I like fried chicken----is this possible or would they be to tough?

How long do you let them sit in the fridge before you freeze them for fryers?

Thanks


----------



## oregon woodsmok (Dec 19, 2010)

I have no idea what an RR chicken is, but any dual purpose breed will be slower growing and 5-6 months until butchering age. A chicken is never too old to butcher. You just change your cooking methods as they get older.

If you want tender fried chicken, you'll do better with the various hybrids that are ready to butcher at 8-10 weeks of age.


----------



## oregon woodsmok (Dec 19, 2010)

They sit in the fridge until rigor mortis passes. When you can wiggle the legs easily, they are ready to be packaged and frozen.


----------



## Guest (Sep 12, 2011)

I have butchered cockerals that weren't any bigger than pigeons. There isn't really an age limit, but normally a dual purpose breed is butchered by 6 months so it won't be as tough as shoe leather.


----------



## eclipchic (Oct 24, 2010)

around 16- 20 weeks and 4-5 lbs live is what we go for. We had quite the mix of birds this year and all dual purpose breeds and for the most of them, they needed to be at least 16 weeks. Some we let go to 20 weeks and they were much better looking, meatier birds then.

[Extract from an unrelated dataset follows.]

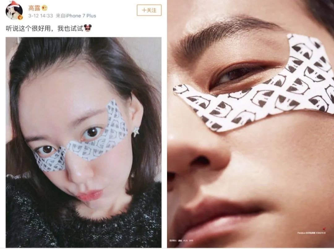 而他眼上贴的冻龄神器,也被广大网友扒了出来,就是我之前推荐过的潘达眼膜。
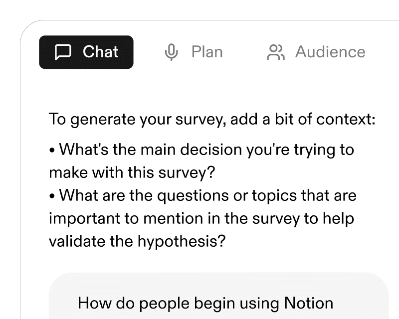 Generate surveys, find the right segment, ask users follow-up questions, and analyze results with AI.

one of the breeds we had was RIR


----------



## PD-Riverman (May 24, 2007)

Sorry, left out the "I" in the "RR" on the chicken type. They are RIR. These were given to me and there are chickens ages ranging from 3 days old to laying about 40 of them plus he has some more---mainly roosters he wants to give me. He liked hatching out eggs in the incubators, sold some, now he is getting out the chicken business. So I was thinking------take them and butcher some, but having little experience in butchering is why I ask all these questions. I have butchered many chickens when I was a young boy but the process was handled by my Mother and I just did as I was told so I do not know how she cooked it. I butchered 5 about 25 years ago, throwed them in a pot and boiled them(no pressure canner) and boiled them for hours and they were so tuff that I ended up giving them to my dog and he used them as a chewey. Dont think the dog ever did eat one of them. These are young but I just do not know the best way to process them. Thanks for your help.


----------



## adamtheha (Mar 14, 2007)

A rooster will start to reach it's sexual maturity at 16 weeks, so if you butcher at 14-15 weeks, you will hopefully still have a relatively tender chicken. It should be at least 4-5 lbs by then. Most of my roosters are 2.7 lbs, at 9.5 weeks. The hens you can keep them quite a bit longer before they aren't "broilers" anymore. Most dual purpose will top out at 7 lbs within 5-7 months, but I would get them before that time.


----------



## PD-Riverman (May 24, 2007)

Their age is the problem----I have no Idea how old they are because this guy had every age mixed. I can guess, but felt weighing them would be better, but then again not sure about that. Thanks



adamtheha said:


> A rooster will start to reach it's sexual maturity at 16 weeks, so if you butcher at 14-15 weeks, you will hopefully still have a relatively tender chicken. It should be at least 4-5 lbs by then. Most of my roosters are 2.7 lbs, at 9.5 weeks. The hens you can keep them quite a bit longer before they aren't "broilers" anymore. Most dual purpose will top out at 7 lbs within 5-7 months, but I would get them before that time.


----------



## BlackWillowFarm (Mar 24, 2008)

Look at the spurs on the roosters. Longer spurs means older birds. Most young roos won't have much more than a nub or a really short little spur. Some of my year old or older roos had spurs an inch long.


----------